Additionally, the current members have their own Faculty Advisory, or coach, if you will. This year, “coach” Kathryn Alexander, from the Yale Department of Music, leads the team.

And the team does not just have home games. They also play on the road together. At other Carillons across the country, the Guild plays away games, where they learn from other coaches and play on other fields across the nation and even in Europe.

The Guild, partially from these road trips, but also from their passion for the bells of Yale, feels like more than just another extracurricular group.

“We have weekly group/team dinners,” Chiu proudly proclaims. “We meet to play board games in Dutch. It feels very social. You are there to do the work, sure. But you also gain a family…For most members, it is a pretty central part of our lives. For many members you find the best friends you have at Yale, because of shared interest, because of travelling. There is something that is shared beyond music. And people love doing it. I always think, ‘oh my god!
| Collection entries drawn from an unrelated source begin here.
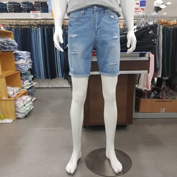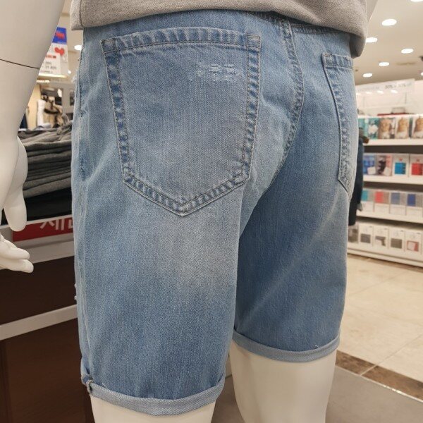 남성용 라이트블루 5부 데님입니다^^기본 심플한 디자인의 시원한 라이트블루 워싱이 돋보이는 스타일입니다.과하지않은 찢어짐과 스판은 없지만 여유있는 통으로 나와서 활동성이 편하고 데일리로 착용하기 좋습니다.밑단은 커팅 포인트가 되어 있어 내려서 입으시거나 롤업해서 연출하셔도 예쁩니다.
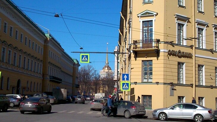Хотя если не знать, то можно подумать что это панорама, открывающаяся с Невского проспекта. А если еще подумать, то можно вспомнить, что такой же вид на Адмиралтейство вам открывался несколько минут назад, с Гороховой улицы, когда вы шли по Малой Морской от Невского к Исаакиевскому собору.
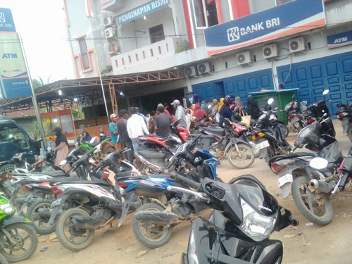 Masyarakat sudah antri jam 7 pagi untuk mengambil bantuan sosial tunai sebelum pintu BRI cabang kubu-rohil dibuka senin26/10/2020
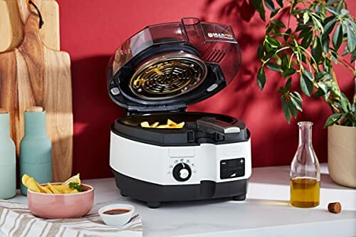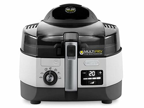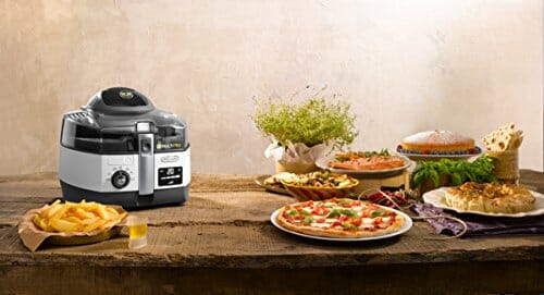 De’Longhi MultiFry Extra Chef FH1394 Heißluftfritteuse, Multicooker mit 1,7 kg Fassungsvermögen, 7 Kochprogramme, Umluftsystem mit 2 Heizelementen, Rezepte-App, 2300 Watt, Grau/Weiß
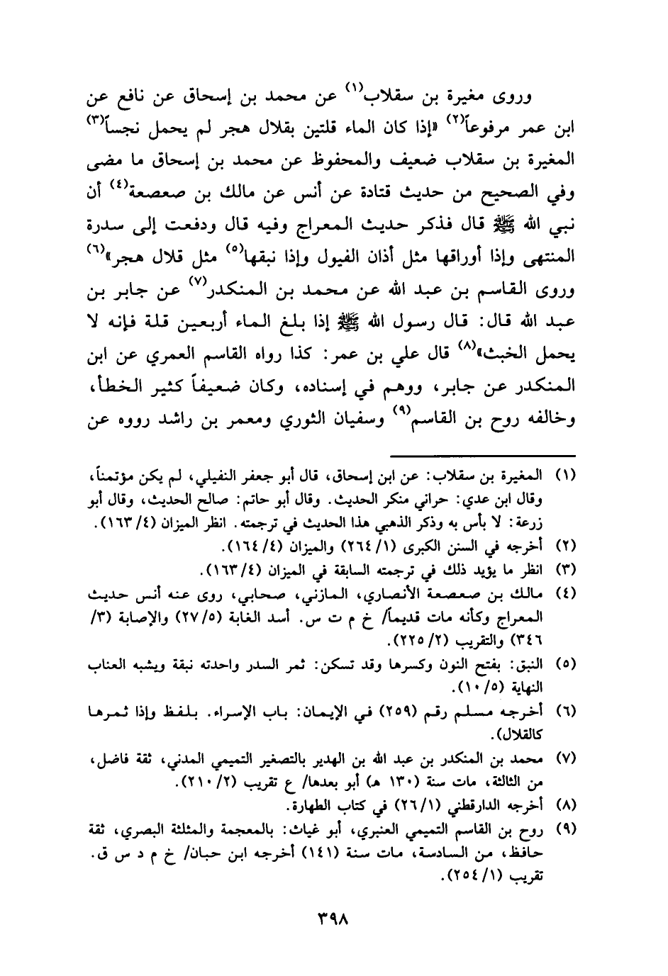 وروى مُغيرَة بن سقلاب عَن مُحَمَّد بن إِسْحَاق عَن نَافِع عَن ابْن عمر مَرْفُوعا " إِذا كَانَ المَاء قُلَّتَيْنِ بقلال هجر لم يحمل نجسا الْمُغيرَة بن سقلاب ضَعِيف وَالْمَحْفُوظ عَن مُحَمَّد بن إِسْحَاق مَا مضى وَفِي الصَّحِيح من حَدِيث قَتَادَة عَن أنس عَن مَالك بن صعصعة أَن نَبِي الله - صَلَّى اللَّهُ عَلَيْهِ وَسَلَّم َ - قَالَ فَذكر حَدِيث الْمِعْرَاج وَفِيه قَالَ وَدفعت إِلَى سِدْرَة الْمُنْتَهى وَإِذا أوراقها مثل أَذَان الفيول وَإِذا نبقها مثل قلال هجر " وروى الْقَاسِم بن عبد الله عَن مُحَمَّد بن الْمُنْكَدر عَن جَابر بن عبد الله قَالَ: قَالَ رَسُول الله - صَلَّى اللَّهُ عَلَيْهِ وَسَلَّم َ - إِذا بلغ المَاء أَرْبَعِينَ قلَّة فَإِنَّهُ لَا يحمل الْخبث " قَالَ عَليّ بن عمر: كَذَا رَوَاهُ الْقَاسِم الْعمريّ عَن ابْن الْمُنْكَدر عَن جَابر، وَوهم فِي إِسْنَاده، وَكَانَ ضَعِيفا كثير الْخَطَأ، وَخَالفهُ روح بن الْقَاسِم وسُفْيَان الثَّوْريّ وَمعمر بن رَاشد رَوَوْهُ عَن
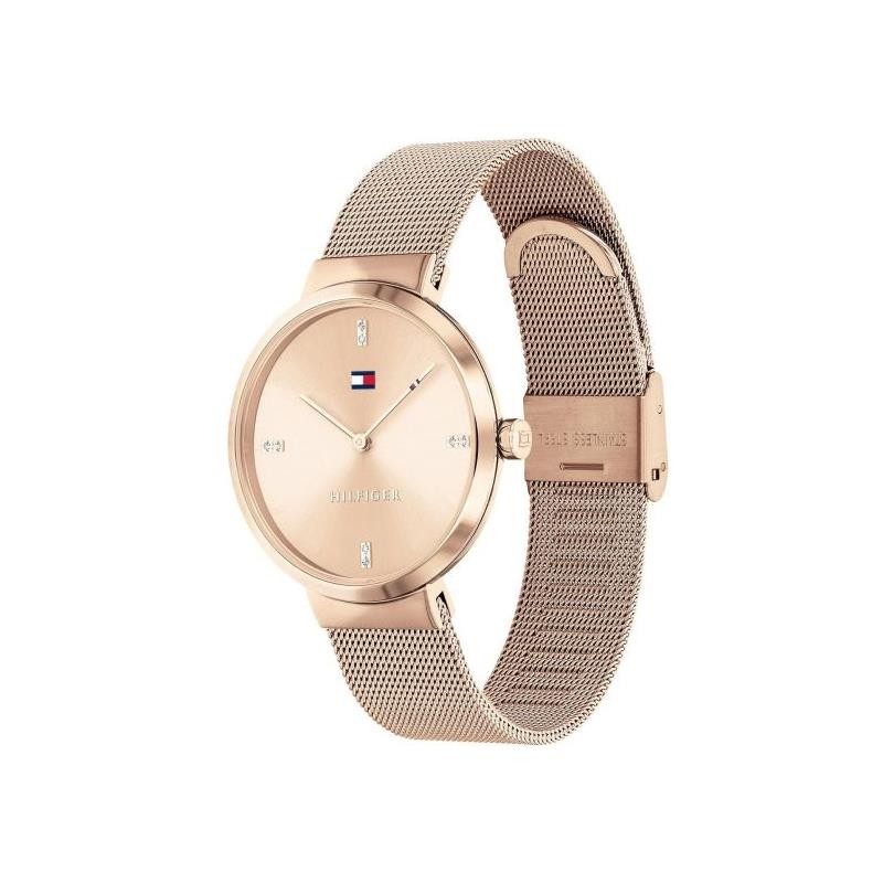 Reloj Tommy Hilfiger para mujer de la colección Liberty fabricado en acero inoxidable con baño rosado. Estamos ante un reloj de máxima elegancia y atractivo de diseño puramente femenino, cuenta con caja con baño rosado de 35mm de diámetro, su esfera rosada cuenta con diales compuestos de circonitas brillantes y sus agujas rosadas son movidas por mecanismo de cuarzo protegido por cristal mineral. Su correa es de malla milanesa en baño rosado con cierre de broche. Resistente al agua hasta 20 metros.
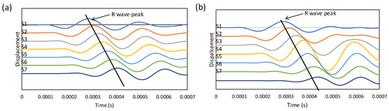 Stacked waterfall plots with an excitation frequency of 5 kHz for (a) 10% void and (b) 100% void models. Displacement is a normalised value.

It’s my ring time!’”

“The people that are going to put in the tons of effort to learn this strange music, there is something that bonds them,” Brandt said. “There is something strange about them. People don’t realize how hard it is, how much time it takes — even just the practicing.”

“When it is crappy weather and I play a happy piece, I always hope the people down below are a bit happier,” Brandt added.

And they often are.

“I think,” says Chiu, “because it is the ambiance of your four years at Yale, for any person on this street, it is the soundtrack of your tenure. Even if you don’t appreciate music at all, even if you don’t know what a carillon should or should not sound like, you should recognize that it is part of the routine of your day. I am going to dinner, I hear the bells. I am leaving dinner. I hear the bells. People often say, ‘I have known this sound. I just didn’t know it was you playing it.’”

For many, this team’s soundtrack colors the way they will remember Yale.

“My sense is that many (most?) Yale students have had some memorable moment related to the Carillon or Harkness Tower, whether that’s hearing a Carillon rendition of a song they particularly like, waking up from a particularly good afternoon nap to the sound of the bells, or walking around campus and suddenly seeing Harkness Tower from a new angle,” remarks Solotke. “It’s easy to take these moments for granted, but I believe they are privileges we have as Yale students that help give meaning to our experiences here.”

I couldn’t agree more and am so thankful for our team of Carilloneurs.